Lesson Learned – As a rule, I don’t usually take snapshots in VMWare.  And if I do, I don’t let them hang out there for more than a day.  Keep an eye on the snapshots!

Green – Console output
Blue – My values, you’ll need to insert your own
Normal text – What I entered
Bold – Parts I’m trying to point out in the output

How I got out of this mess
After doing some research, I determined that the issue was with what VMWare calls the CID chain.  The CID value is used to link snapshots to parent VMDK files and when you load the parent file when there are snapshots present, you screw up this chain.  I didn’t have a backup of the system (at the VMWare level) and even though I had found steps online on how to try to fix this.  I let the experts at VMWare do it for me.  Afterwards, I recreated the scenario at home for the purpose of making this blog entry.  The steps below are offered at your own risk and there is no guarantee that they will work.

Step 1
BACKUP EVERYTHING.  Backup as much as you can, these steps will outline making direct edits to VMDK files which ,if done incorrectly, can cause corruption.  Also, try not to make ANY changes on the VMWare guest when you boot the parent VMDK.  I realized my mistake, and shut it down as soon as I could.

Step 2 
If you haven’t done so already, put the original VMX file back in place.  We’ll be using it to try to boot the system.  If you deleted it (for some silly reason) you may be able to make a new one but I haven’t tried that.

Step 3
Enable SSH on the ESX box if you haven’t already.  I’m running ESXi 3.5 in this test but you can very easily google how to enable SSH on your ESX version.  Using SSH just makes this a lot easier (especially if you are remote as I was).  In this example I’ll actually be using telnet.

Step 4
Figure out what the CID values are for each of the snapshots.  To do this we need to log in to the console (via SSH) and find the value on each of the files.  To do this, I entered the following commands.  Note the server I am running this test on is called UberServ01. 

Change to the guest directory
~ # cd /vmfs/volumes
/vmfs/volumes # ls
0016047d-c4d39b6a-ec38-631130484fa9  Hypervisor1
3abb47ef-875ea67c-c948-7bf6ff8d3c38  Hypervisor2
4af76f09-2611a4b1-ea7e-000f1ff86fb0  Hypervisor3
4af76f0b-0ba64946-17d8-000f1ff86fb0  datastore1
931ac070-8437760b-9dcc-b0a7dbce2d74
/vmfs/volumes #
cd ./datastore1/
/vmfs/volumes/4af76f0b-0ba64946-17d8-000f1ff86fb0 # ls
ISO                    UberServ01 
/vmfs/volumes/4af76f0b-0ba64946-17d8-000f1ff86fb0 #
cd ./UberServ01/
/vmfs/volumes/4af76f0b-0ba64946-17d8-000f1ff86fb0/UberServ01 # ls -ltr *.vmdk
-rw——-    1 root     root          255 Jul 15 21:34 UberServ01-000001.vmdk
-rw——-    1 root     root     67131904 Jul 15 21:36 UberServ01-000001-delta.vmdk
-rw——-    1 root     root          262 Jul 15 21:42 UberServ01-000002.vmdk
-rw——-    1 root     root     67131904 Jul 15 21:44 UberServ01-000002-delta.vmdk
-rw——-    1 root     root          532 Jul 15 21:48 UberServ01.vmdk
-rw——-    1 root     root    10758666240 Jul 15 21:52 UberServ01-flat.vmdk

The last command outputs the name of all of the files in the directory with the VMDK file extension.  As you can see, we have two snapshot files here.  One called UberServer01-000001.vmdk and the other UberServ02-000002.vmdk.  To return the CID values enter the following commands.
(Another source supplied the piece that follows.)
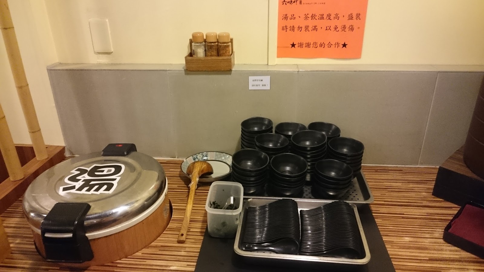 🔺 還有免費味噌湯喔~ 餐具整齊的擺放在一旁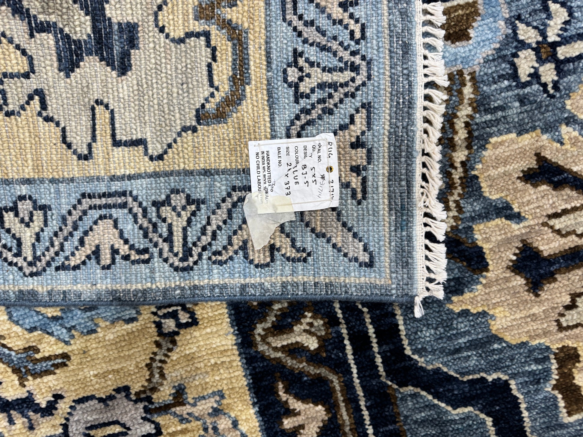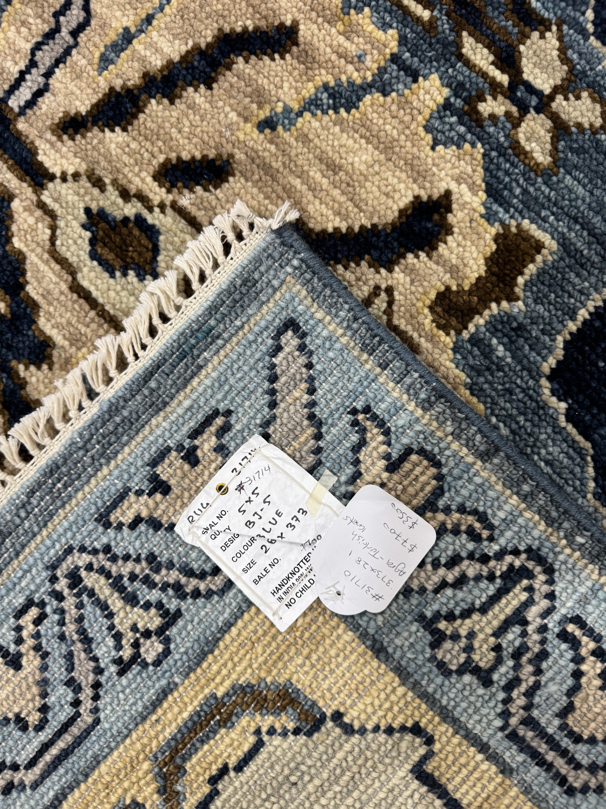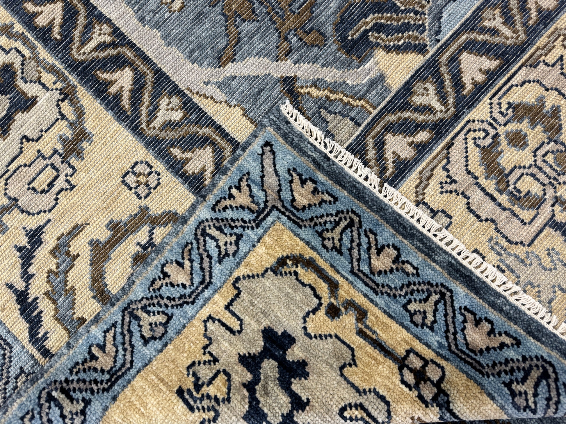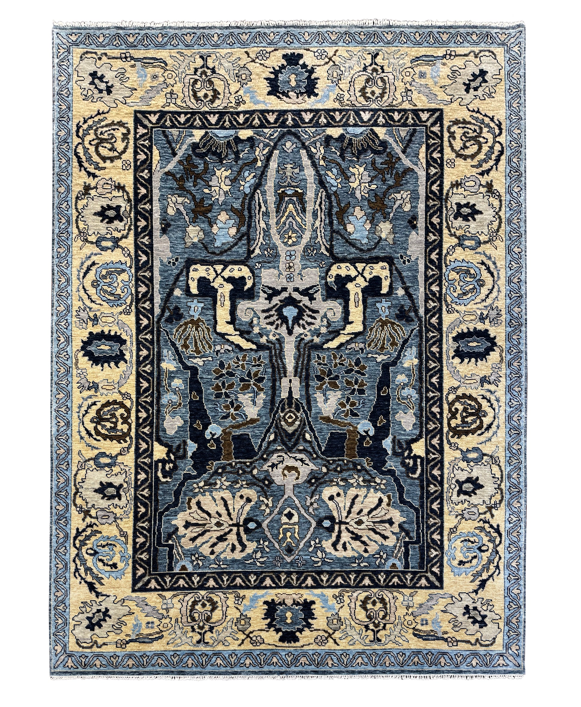 This hand-knotted Agra rug is inspired by the 16th-century Garous design, a celebrated Persian pattern known for its bold medallions and fluid vine work. Woven with handspun New Zealand wool, it combines luxurious softness with lasting durability. The deep blue ground enhances its intricate motifs, giving the piece both depth and vibrancy. A fine blend of Mughal-era weaving tradition and Persian artistry, this rug carries a timeless elegance

/vmfs/volumes/4af76f0b-0ba64946-17d8-000f1ff86fb0/UberServ01 # grep CID ./UberServ01-000001.vmdk
CID=986a79c0
parentCID=4fc239f6

/vmfs/volumes/4af76f0b-0ba64946-17d8-000f1ff86fb0/UberServ01 # grep CID ./UberServ01-000002.vmdk
CID=1df04fbb
parentCID=986a79c0

/vmfs/volumes/4af76f0b-0ba64946-17d8-000f1ff86fb0/UberServ01 # grep CID ./UberServ01.vmdk
CID=0db4eee2
parentCID=ffffffff

Note that the parent file (the original VMDK) will always have the parentCID value of ‘ffffffff’ since its the parent.

So as of right now here is the info we have….
Correct Parent CID – 0db4eee2
Snapshot 1 Parent CID – 4fc239f6
Snapshot 1 CID -986a79c0
Snapshot 2 Parent CID – 986a79c0
Snapshot 2 CID - 1df04fbb

The issue should be apparent at this point.  The CIDs need to reference each other in the correct order.  So this is what we currently have…..

image

Do you see the issue?  The 1st snapshot references the wrong CID value for the parent.  To fix this, we need to edit the parent VMDK file to reference the new CID value of 4fc239f6.  To to do this, enter the following commands….

/vmfs/volumes/4af76f0b-0ba64946-17d8-000f1ff86fb0/UberServ01 # vi ./UberServ01.vmdk

Now this is the tricky part.  I absolutely hate vi, I just can’t seem to get the hang of it.  But here’s what I did to edit the file.  Keep in mind that if the file is large, it can take some time to load, so if you get a black screen for a period of time, just hang tight.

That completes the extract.